Histogram of cell cycle arrest and cell apoptosis. Histogram showing the percentages of cells at various phases of cell cycle. p3b/EGFP-N1 positive cells were showed with grey columns, and p3b/EGFP-N1 negative cells were showed with crisscross. Data were means of three independent experiment ± s.d. (bars).

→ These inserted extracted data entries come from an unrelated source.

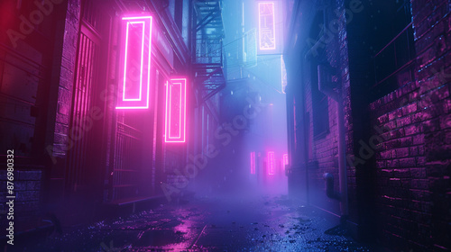A cinematic scene of urban noir with neon lights illuminating the foggy alleyways.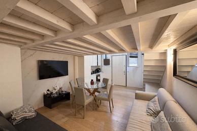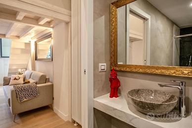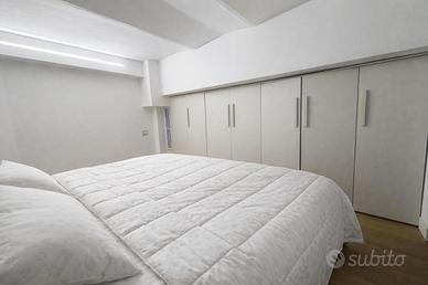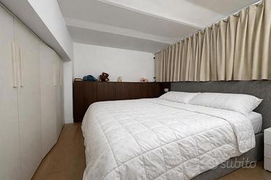 Il loft è dotato di un bagno elegante, completo di box doccia e rifinito con piastrelle effetto marmo, che conferiscono un tocco di raffinatezza. Un soppalco, accessibile tramite una comoda scala, funge da camera matrimoniale, dotata di armadiatura su misura che ottimizza ogni centimetro disponibile, garantendo funzionalità e stile.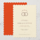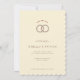 Esta elegante invitación de boda presenta un diseño minimalista con un fondo beige cálido, creando una atmósfera acogedora. El diseño incluye dos diseños circulares superpuestos que se asemejan a anillos de boda, adornados con pequeños puntos decorativos y coronados por cinco corazones rojos en formación de arco, lo que añade un toque de romanticismo. La tipografía utiliza una fuente clásica serif para un aspecto formal pero accesible, con espacios personalizables para nombres, fechas y ubicaciones. El estilo general es minimalismo moderno, centrado en la claridad y la sofisticación, perfecto para una celebración formal.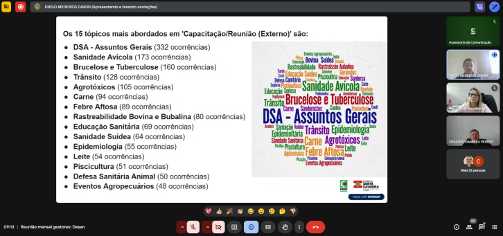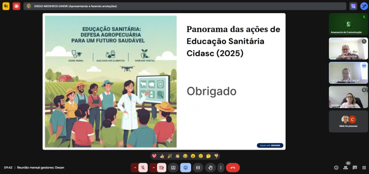 Durante a reunião, o gestor do Desan, Diego Gindri, apresentou um panorama das ações desenvolvidas ao longo de 2025 e as perspectivas para o próximo ano. O departamento completou um ano de criação, consolidando-se como uma área estratégica para fortalecer o vínculo entre a defesa agropecuária e a sociedade catarinense por meio da educação e sensibilização sanitária.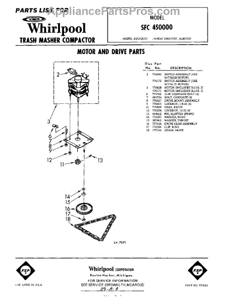 Parts for Whirlpool SFC450000: 01 - Motor And Drive Parts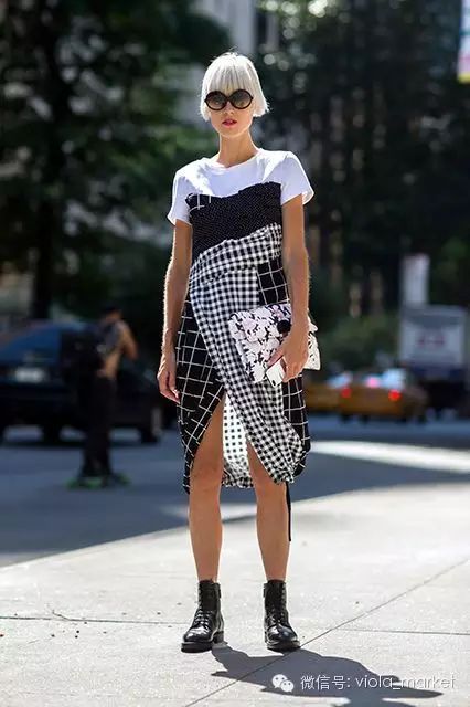 抹胸裙好看,但不好穿,内衣搭配比较麻烦,还老担心走光问题,直接搭件紧身打底T,裙子设计感越强,效果越出彩。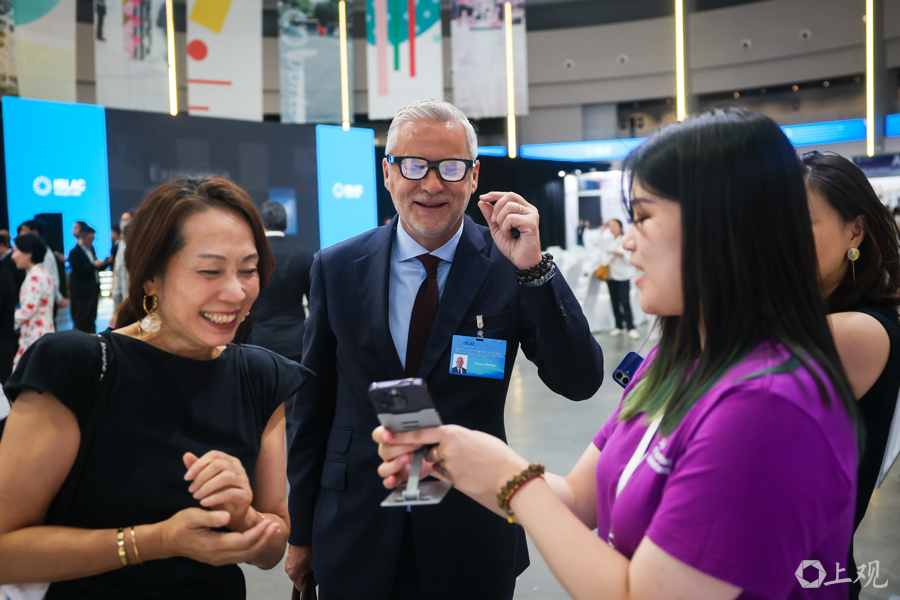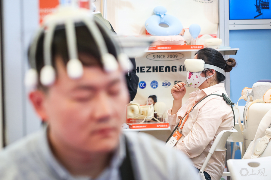 9月11日,以“重塑创新增长”为主题的2025外滩大会在黄浦世博园区举行。对于婴儿来说哭声就是说话,婴儿哭声面具将成人的语言转换为婴儿的哭声。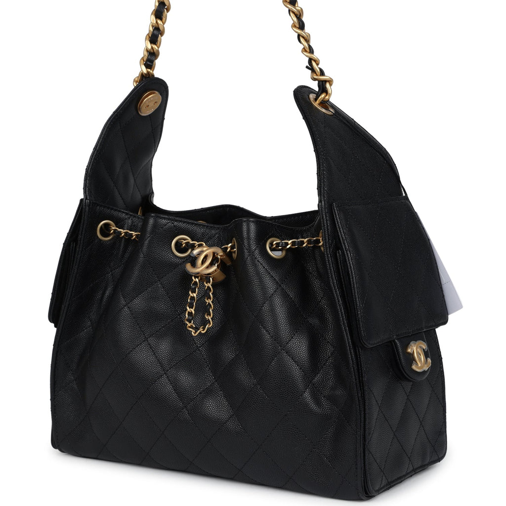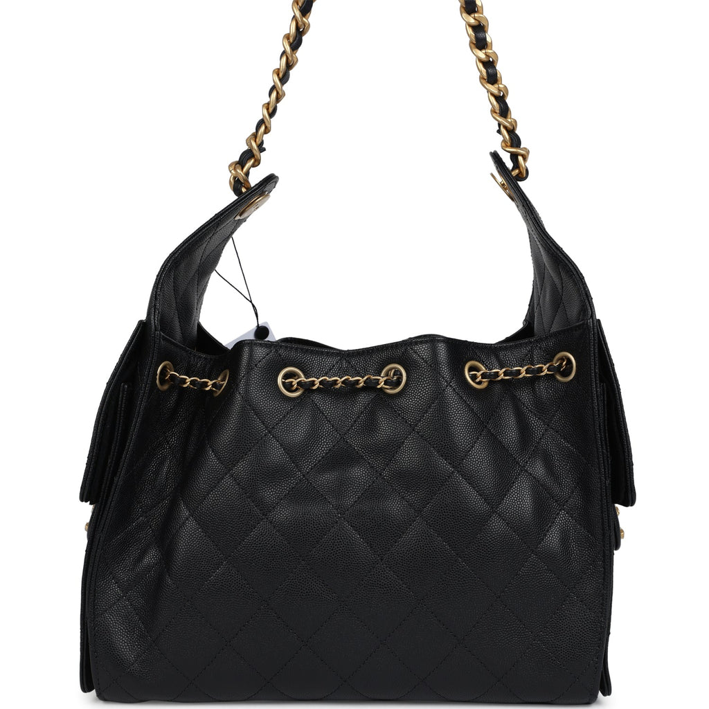Chanel Small 25 Hobo Bag Black Caviar Antique Gold Hardware

Next, using similar method, we investigated the effects of p3b/EGFP-N1 on cell cycles in 293 and Vero cells. In these cells, the p3b/EGFP-N1 positive cells were arrested at G0/G1 phase compared with negative ones after transfection (55.25% vs. 37.17% in 293 cells and 82.27% vs. 56.00% in Vero cells at 48 h), but the percentages of sub-G1 phase in positive and negative cells were all too low and comparable. These data indicated that the role of 3b protein in inducing cell cycle G0/G1 phase arrest was a conserved character, but the apoptosis induction of 3b protein might be a cell type specific.
In order to further confirm the function of 3b protein in inducing cell apoptosis, a more definitive study using double cell labeling with Annexin V-PE and 7-AAD was performed. COS-7 cells were transiently transfected with pEGFP-N1 and p3b/EGFP-N1 separately. At 48 h after transfection, apoptosis analysis was carried out. As shown in figure 3, the different populations in EGFP positive and negative cells were measured by flow cytometry. It was revealed that the percentages in apoptosis and necrosis were both lower and comparable in the positive and negative pEGFP-N1 transfected cells (Figure 3b). However, for p3b/EGFP-N1 transfected cells, the apoptosis cells in the positive cells increased over 4-fold compared with that in the negative ones (Figure 3a). These data further demonstrated that over-expression of 3b protein could induce cell apoptosis.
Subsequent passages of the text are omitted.